Directions
From the line containing "It is no different" to the final line of the entries, copy each line exactly. Pictures stay out.

Data for this task
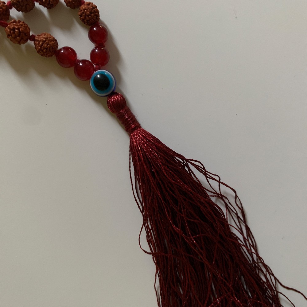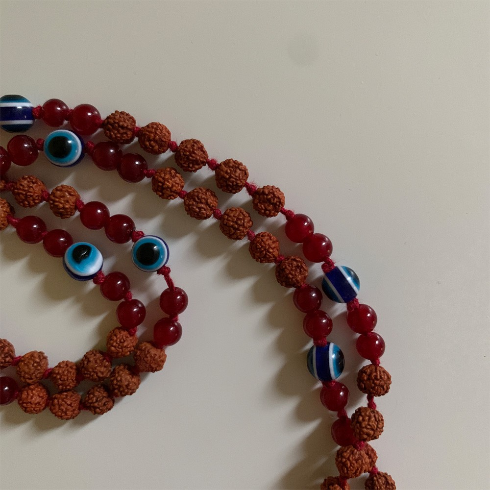 Turkish Eye Rudraksha Mala – Deep Red Chalcedony
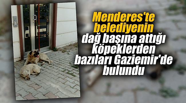Geçtiğimiz günlerde İzmir'in Menderes ilçesi, belediye görevlileri tarafından hukuka aykırı bir şekilde dağ başına bırakılan köpeklerin haberiyle çalkalandı. İzmir ve tüm ülkedeki hayvanseverlerin büyük tepkisini çeken olayda yeni bir gelişme daha yaşandı. Efemçukuru mevkiisinde dağ başına bırakılan köpeklerden bazıları Gaziemir ilçesinde bulundu.
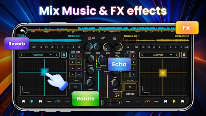 - Simulate a real DJ console for an intuitive and realistic operating experience
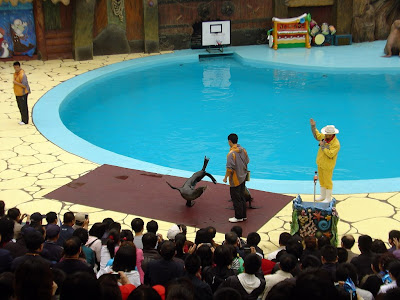 Par contre, nos visites culturelles ne se sont pas arrêtées au musée, nous avons osé nous rendre au parc océan. On n’a pas regretté, on s’est bien marré entre les spectacles animaliers, l’aquarium et les chinois qui veulent faire des photos avec nous.
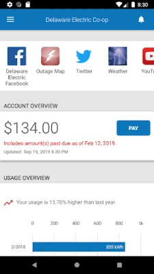 DEC Connect provides Delaware Electric Cooperative customers account management at their fingertips. Customers can view their usage and billing, manage payments, notify customer service of account and service issues and receive special messaging from their utility. Additional Features:
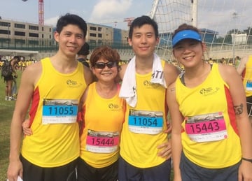 It is no different for 64-year-old Rita Cheok who is a mother herself. In her 40s, Rita has completed several full and half marathons, and other races like the Great Wall of China marathon. Inspired and supportive children who are in their late 20s to mid 30s have also joined her in local races like the Yellow Ribbon Run and overseas races in Adelaide and Portugal.
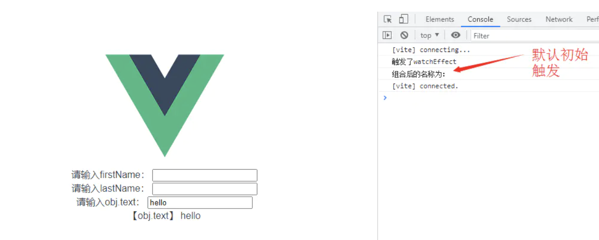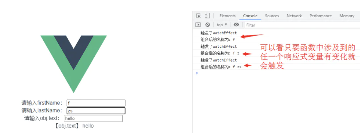 // 这里我们不使用firstName.value/lastName.value ,相当于是监控整个ref,对应第四点上面的结论
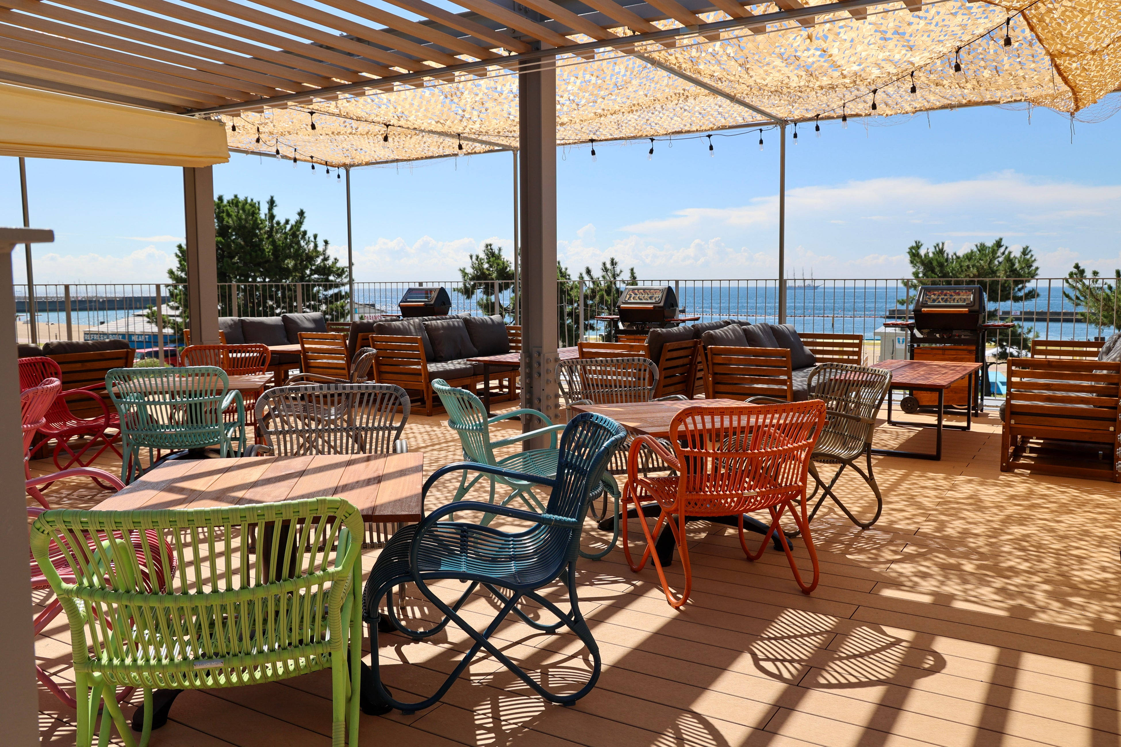カフェの屋上スペースで、潮風を感じる約70席のルーフトップエリア。

Answer box
 It is no different for 64-year-old Rita Cheok who is a mother herself. In her 40s, Rita has completed several full and half marathons, and other races like the Great Wall of China marathon. Inspired and supportive children who are in their late 20s to mid 30s have also joined her in local races like the Yellow Ribbon Run and overseas races in Adelaide and Portugal.
 // 这里我们不使用firstName.value/lastName.value ,相当于是监控整个ref,对应第四点上面的结论
カフェの屋上スペースで、潮風を感じる約70席のルーフトップエリア。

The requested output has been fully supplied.